Current Investigations in Agriculture and Current Research

Opinion(ISSN: 2637-4676)

The Role of Water-Food-Energy Nexus in Achieving Sustainable Agriculture Volume 8 - Issue 3

Jacques Ganoulis*

  • UNESCO Chair for Water, Aristotle University of Thessaloniki, Greece

Received: March 02, 2020;   Published: March 10, 2020

Corresponding author: Jacques Ganoulis, UNESCO Chair for Water, Aristotle University of Thessaloniki, Greece

DOI: 10.32474/CIACR.2020.08.000290

Abstract PDF


The UN Rio declaration [1] has initiated in 1992 many international initiatives, research activities, academic programs, and policy frameworks, aiming to define and implement the concept of “sustainable development”. This term was first introduced in the report to the UN, established in 1987 by the World Commission on Environment and Development, chaired by Mrs. Brundland, Norway’s Prime Minister, commonly known as the Brundland Report [2]. Although the term “sustainable development” is until now not completely clear, it was understood as the development that combines socio-economic growth with environmental protection and social equity.
The majority of the UN Member States have agreed in 2000 to adopt eight “Millennium Development Goals” (MDGs) [3], that all have measurable targets for monitoring the progress made for achieving sustainability. Every target has a number of more particular indicators, some of them been related to water, energy, and food. For example, the seventh MDG on environmental sustainability has among others, the target of achieving safe drinking water and sanitation. The same MDG 7 refers to energy-related indicators, such as the amount of energy used per GDP, the population proportion using solid fuels and the CO2 emissions per capita. Also, different concerns on food production were formulated as a first priority in the MDG 1: Eradicate extreme poverty and hunger.
The UN General Assembly has adopted in 2015 a working plan named the “2030 Agenda for Sustainable Development” [4]. This global planning contains 17 Sustainable Development Goals (SDGs), many of which are related to water, energy and food. More precisely, the Goal 6: ensure availability and sustainable management of water and sanitation for all, the Goal 13: take urgent action to combat climate change and its impacts and the Goal 2: end hunger, achieve food security and improved nutrition and promote sustainable agriculture. According to UN Secretary-General António Guterres, climate change is the defining issue of our time. Due to high atmospheric concentrations of greenhouse gases emitted from different fossil energy sources, such as industries, cars and airplanes, climate change is becoming the most important challenge humanity faces today. Rise of the atmospheric temperature induces changes in precipitation patterns and also increase of hydrological extremes, such as floods and droughts. This means that again water and energy sustainability are the main keys to adaptation and mitigation under climate change. Concerning the goal of water security, the concept of Integrated Water Resources Management (IWRM), was introduced in 2000 by the Global Water Partnership, an NGO based in Stockholm, as the most appropriate framework for water security [5]. The main idea is that water management cannot be considered in isolation from other natural resources, such as the soil, the forests, and the water-related ecosystems and that a holistic and interdisciplinary approach taking into account economic and social considerations is more appropriate. In fact, the elements to integrate in this approach are not well defined and the implementation of IWRM in practice has revealed many difficulties. Based on similar concepts, the IWRM methodology has been adopted in 2000 by the European Union, as a policy framework, known as the EU Water Framework Directive (EU-WFD) [6]. The adoption of the EU-WFD by the European Member States is compulsory and failure to integrate the water directive into the national legal framework may induce fines from the European Court.

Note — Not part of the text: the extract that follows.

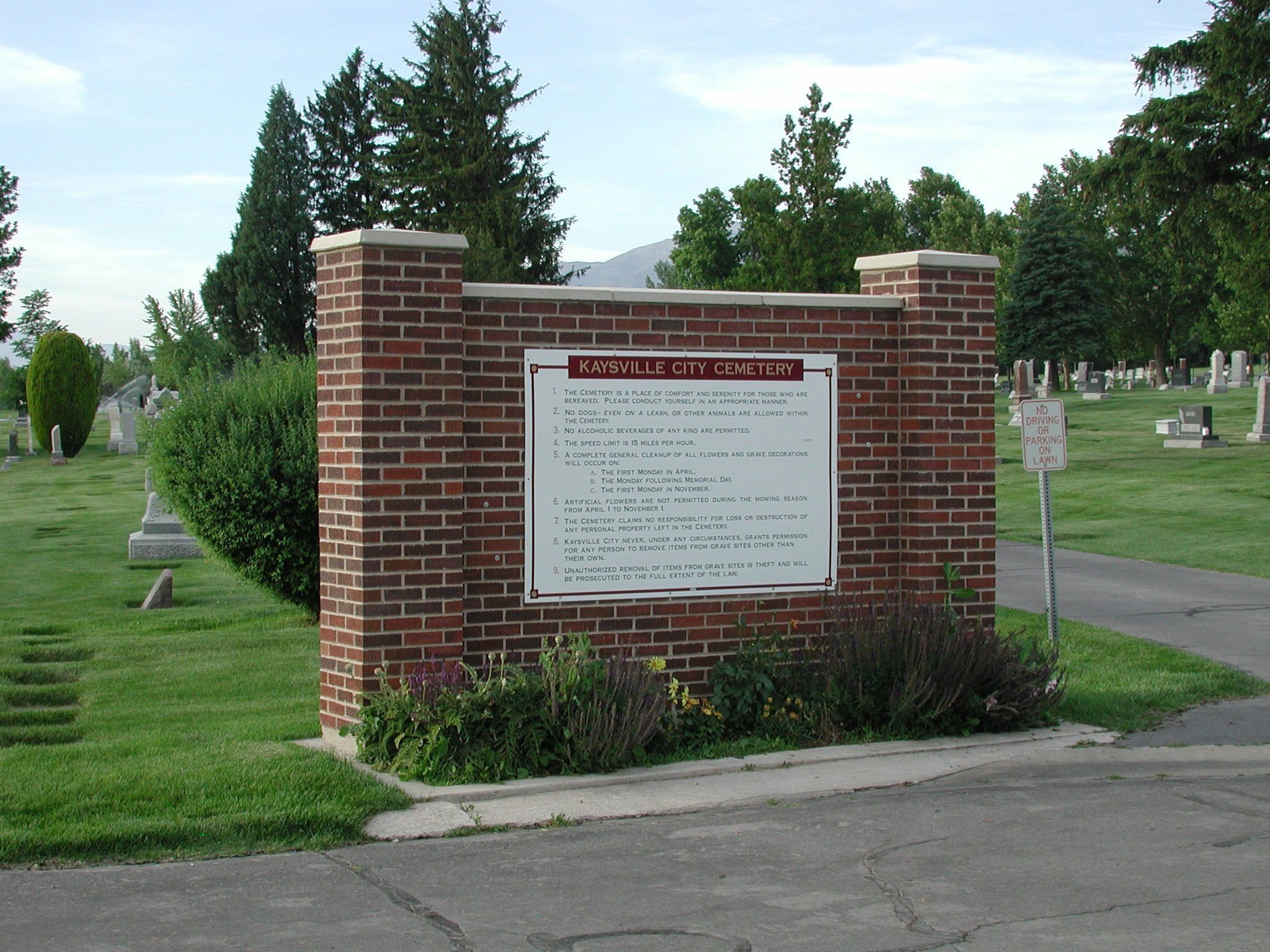 Sign at front entrance to cemetery in Kaysville, Utah.Photograph Details
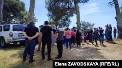 Жители поселка Агудзера протестуют против строительства в парковой зоне и против рубки деревьев, они не хотят, чтобы общественная зона отдыха перешла в частную собственность и выход к морю был закрыт.

The Water-Energy-Food Nexus (WEF)

Water, energy, and food are three important resources inextricably linked in terms of mutual relationships and interactions. For example, increasing the use of water in agricultural irrigation generates supplementary energy consumption for transferring or pumping water. Plants producing food need water but from the other side, agricultural activities may increase groundwater pollution from pesticides and fertilizers. Water is also needed for energy production and in the opposite sense, the use of energy may increase the amount of wastewater and water pollution.

The Latin name “nexus” means a knot or a link and it has been used during the last few years to express the strong relationship between water, energy and food. In fact, the water-energy-food (WEF) nexus was mentioned by the World Economic Forum in 2011, as the most important issue for sustainable development [7]. In the real world, there are three main issues related to this “nexus”:
a. The word “nexus” indicates our inability to understand and define the integrated process linking water, energy, and food
b. From the scientific point of view, “nexus” means that we don’t know how to assess, represent and predict the consequences of linking water, energy, and food c. In relation to governance, “nexus” represents our inability to build up institutions, able to manage in coordinated approach water, energy and food.
According to FAO [8], the three elements that are included in the nexus are not sufficient to guarantee sustainability; it is necessary next to the water, energy, and food to add some other equally important issues, such as the environment, the land use and the climate change. Also, the challenge to secure by the nexus local livelihoods and the human rights to water and food was pointed out [9]. If we enlarge the meaning of the nexus by considering the SDGs achievement [10], then the differentiation between the nexus and the IWRM framework becomes narrow and not easily understood.

The Unique Role of Water

Specialists in one particular discipline among the three that are included in the nexus usually claim that their domain of expertise is more important and that their discipline dominates the other two. In every real problem involving the nexus, there are winners and losers between those three. For example, huge agricultural food production in Greece and other parts of the world has been obtained by the overuse of groundwater resources for irrigation water and intensive consumption of energy. In some areas, groundwater levels were greatly decreased and groundwater aquifers have been depleted. If water security is at risk and water availability is critical, no other resource of the nexus, i.e. energy or food can survive. In conclusion, water is the “sine qua non” (without which nothing) element that is the origin of life and the necessary support for the existence of terrestrial and aquatic ecosystems.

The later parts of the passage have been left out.